This remains my most fundamental reason for preferring manylinux2014 over perennial manylinux.
Notwithstanding @njs’s comments that “we actually have an implementation defined standard” right now, what we do have right now, and in manylinux2014 we will continue to have, is a documented set of rules stating what it means to conform to the relevant spec. I don’t buy the argument that “if auditwheel says one thing and the PEP says another, the PEP is wrong”. The reality is that it’s OK for the PEP to need updating, and it’s OK for the updates to not get done in a timely manner - people are human - but you don’t need to read the code of auditwheel to know what the standard is. If you write something that satisfies the standard, and auditwheel rejects it, you can raise the issue and have a debate about whether the standard needs updating, but you can reasonably start from the presumption that the standard is what you work to.

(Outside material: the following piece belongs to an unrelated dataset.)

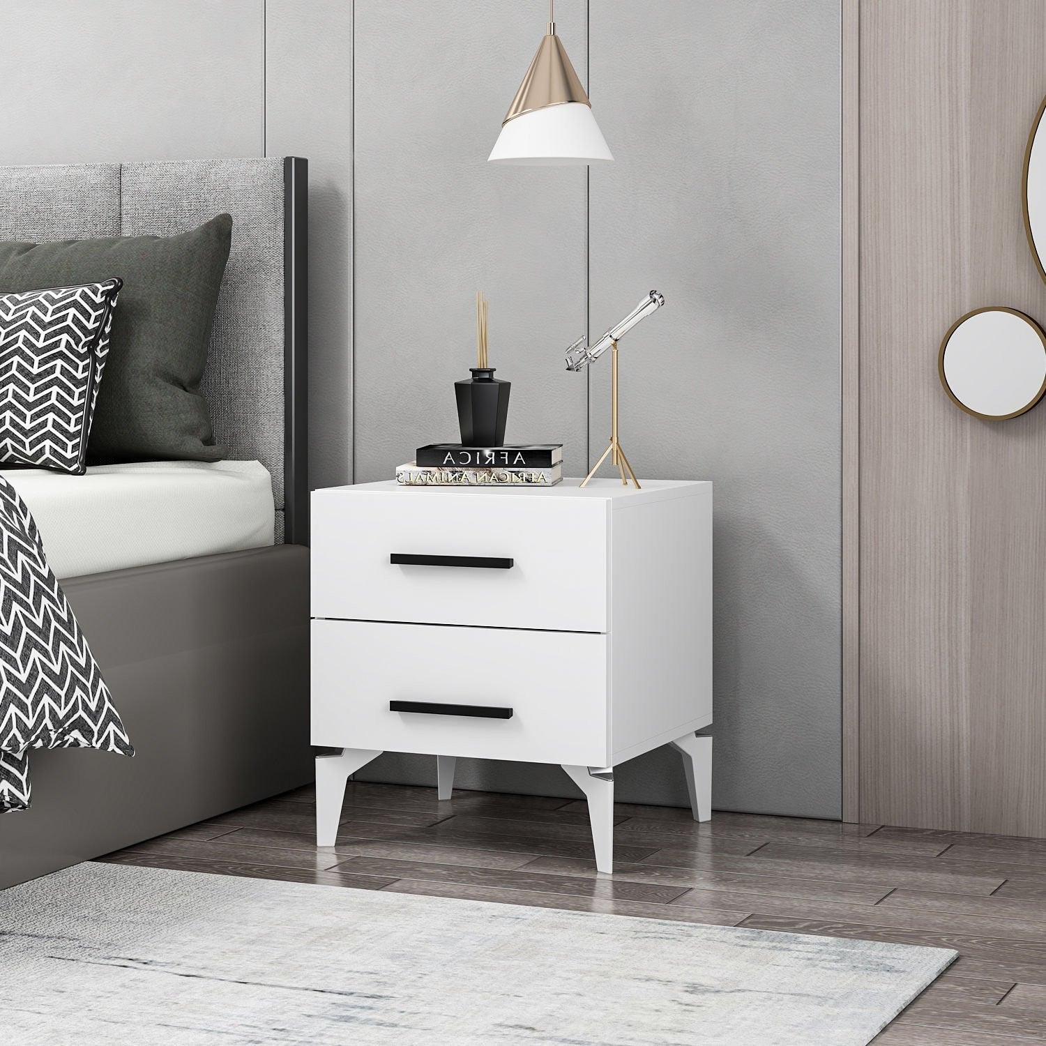 Elegant ontwerp: het strakke en moderne ontwerp van dit nachtkastje voegt een vleugje verfijning toe aan je slaapkamerinrichting. De strakke lijnen en witte kleur maken het een veelzijdig stuk dat bij elke interieurstijl past.
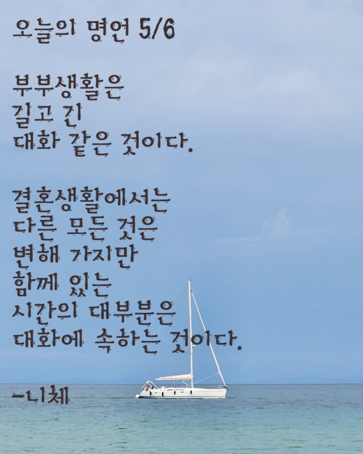 오늘의 명언 5/6 부부생활은 길고 긴 대화 같은 것이다. 결혼생활에서는 다른 모든 것은 변해 가지만 함께 ...

The perennial manylinux spec abandons that and says that you must use auditwheel. And that auditwheel’s word is final - even if you don’t understand why auditwheel says what it does. That is, to me, fundamentally the definition of “implementation defined behaviour”.
I see the practical benefits of not needing a new PEP and an installer change each time we want an updated baseline. And I can see that for people doing the actual grunt work of building wheels, all of this may be irrelevant in practice. But I think there is value in having standards that an outsider (like myself!) can point to and say, “I don’t understand the details here, but I can see that this is a cleanly defined and implementable definition of what’s required”.
So right now, I feel the onus is strongly on the supporters of perennial manylinux to address the concern about “implementation defined behaviour”, not by saying that it doesn’t matter, but by providing a definition of the behaviour that’s external to the implementation. If the PEP process is too onerous, then that definition can be in a spec that is managed and change controlled by a different process, but it should be available somewhere. (At the end of the day, I’m surprised if anyone thinks that a piece of code as complicated as auditwheel should be managed without a written spec - all I’m asking is that if the spec will no longer be managed via PEPs, what is the proposal for managing it in future?)
I don’t actually see any other discussion happening here. The two proposals have been put out there, and there’s mostly silence. So I’m inclined to say that there’s no consensus to be reached here, we’re just looking at a straight choice between two proposals, and it’s ultimately going to be down to me to make that choice. So let’s hear the arguments, and when they die down I’ll take that as a signal that everyone’s ready for a final decision to be made.
(However, if there’s any significant work going on “behind the scenes” that means there is need for further discussion and a realistic chance of a merged compromise proposal, then someone speak up. I’m not trying to shut down discussion here, merely avoid an extended “so what do we do next?” period).
And as background for me, if someone could point me at some instructions on how I, as a package developer working mostly on Windows, would take a package of mine and build manylinux binaries for it, that would be really helpful. I’m aware that I’m coming from this with knowledge that’s mostly focused on the “packaging tool” perspective, and I’d like to balance that with some “project maintainer” understanding. Thanks.